Katharina Hagena : Le Goût des pépins de pomme
30/07/2013
Katharina Hagena, linguiste et auteur allemande née en 1967 à Karlsruhe, est une spécialiste de l'œuvre de Joyce. Elle a enseigné la littérature anglaise et allemande au Trinity College à Dublin, et à l'Université de Hambourg, où elle vit toujours avec sa famille. Son roman, Le Goût des pépins de pomme, est paru en 2010.
A la mort de Bertha, ses trois filles, Inga, Harriet et Christa, ainsi que sa petite-fille Iris, enfant de Christa et narratrice du roman, se retrouvent dans leur maison de famille, à Bootshaven, un petit village du nord de l'Allemagne, pour la lecture du testament. A sa grande surprise, Iris hérite de la maison et doit décider en quelques jours de ce qu'elle va en faire. Bibliothécaire à Fribourg, elle n'envisage pas, dans un premier temps, de la conserver.
Durant les quelques jours de congés qu’elle s’accorde pour régler la succession, elle va redécouvrir cette maison et ce jardin où elle a passé son enfance ainsi que la campagne riche en lieux d’amusement pour les trois amies qu’étaient Iris, Rosemarie sa cousine et Mira une voisine. Lentement, les souvenirs vont remonter par bribes à sa mémoire.

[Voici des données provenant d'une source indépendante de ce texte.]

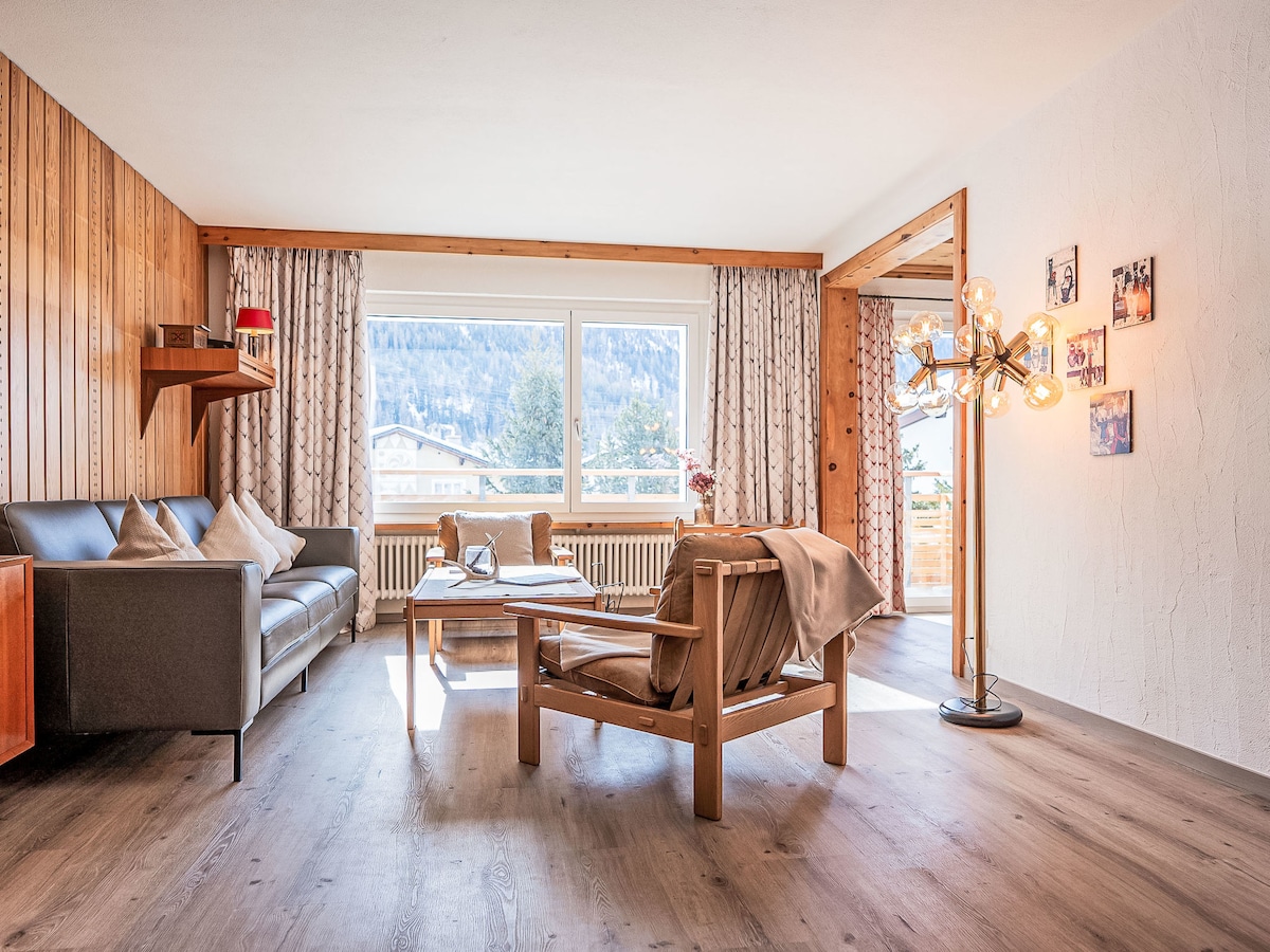 All discounts are already included, please go ahead and book the property if your travel dates are available. Below please see all the listing details "Chesa Vuorcha", 3-room apartment 100 m2, on the upper ground floor. Spacious and bright, partly renovated in 2014, comfortable and modern furnishings: open living/dining room with TV. Exit to the balcony, south facing position. 1 room with 1 double bed (2 x 90 cm, length 200 cm). Exit to the balcony.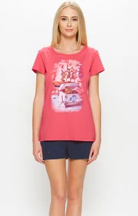 Bawełniana piżama damska z koszulką na krótki rękaw. Krótkie spodenki w modny print. Wykonana z wysokiej jakości bawełny.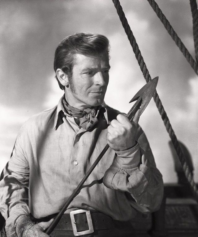 ريتشارد بيزهارت يستعرض الحربة التى سيصيب بها الحوت لإصطياده.

Entre chaque maille, des trous qu’Iris va devoir combler, parfois avec mélancolie, parfois avec douleur, au risque aussi de déclencher des interrogations aux réponses incertaines.
Ce vieux monsieur Lexow qui a entretenu la maison ces dernières années, a-t-il été l’amant de Bertha et le père biologique de sa tante Inga ? Et son grand-père, quel était son rôle durant la guerre, était-il un nazi ? Comment est décédée exactement sa cousine Rosemarie, fille d’Harriet, alors qu’elle n’avait qu’une quinzaine d’années ? Tous les acteurs du roman vont laisser transpirer des secrets enfouis, plus ou moins avouables, comme dans de nombreuses familles. Acteurs, mais plutôt actrices, car dans ce roman les hommes ne sont pas des figures très fortes, à peine esquissés, juste des seconds rôles ou des faire-valoir.
C’est à ce travail d’enquête dans les mémoires que Katharina Hagena nous convie. Nous suivons pas à pas Iris dans ce dépoussiérage des souvenirs. Son écriture toute de tact et de retenue (jamais le mot Alzheimer n’est évoqué pour Bertha), ses phrases bien rythmées, instaurent une sérénité et une douceur mélancolique. L’écrivain joue aussi avec le lecteur, par des ellipses, les situations disent ce que les mots nous taisaient. Le récit sait être émouvant et tendre, mystérieux un peu quand plane une interrogation mais aussi – disons-le - nunuche (la scène du vélo et du pot de peinture) voire rocambolesque (dixit la quatrième de couverture !) dans les péripéties évoquées. Heureusement ces défauts sont mineurs et n’altèrent pas l’ensemble.
« Monsieur Lexow ne donna évidemment aucun détail sur les caresses qui furent échangées sous le pommier et je lui en sus gré, mais les paroles qu’il prononça à voix basse et cependant avec une certaine véhémence, les yeux toujours fixés sur son gobelet, suscitèrent en moi des images qui me parurent familières, à croire qu’on m’avait déjà raconté quelque chose de semblable autrefois, à croire que j’avais déjà entendu ces paroles enfant, peut-être à l’occasion d’une conversation entre adultes que j’avais pu suivre à leur insu, d’une cachette proche, et que je comprenais seulement maintenant. »
Katharina Hagena Le Goût des pépins de pomme Editions Anne Carrière
Traduit de l’allemand par Bernard Kreiss
2 commentaires
J'avais eu un avis mitigé à l'époque : http://www.lecturissime.com/article-le-gout-des-pepins-de-pomme-de-katharina-hagena-55187008.html
il m'a manqué un petit quelque chose...
Hélène, votre avis développé sur votre blog, devrait intéresser nos futurs lecteurs. Je suis d’accord avec vous sur les réserves émises concernant « la bluette sentimentale » et de mon côté j’avais relevé des passages nunuches ou rocambolesques. Ces défauts montrent qu’il ne s’agit pas d’un chef d’œuvre, mais globalement je me suis laissé prendre à ce texte au ton dégageant un calme reposant.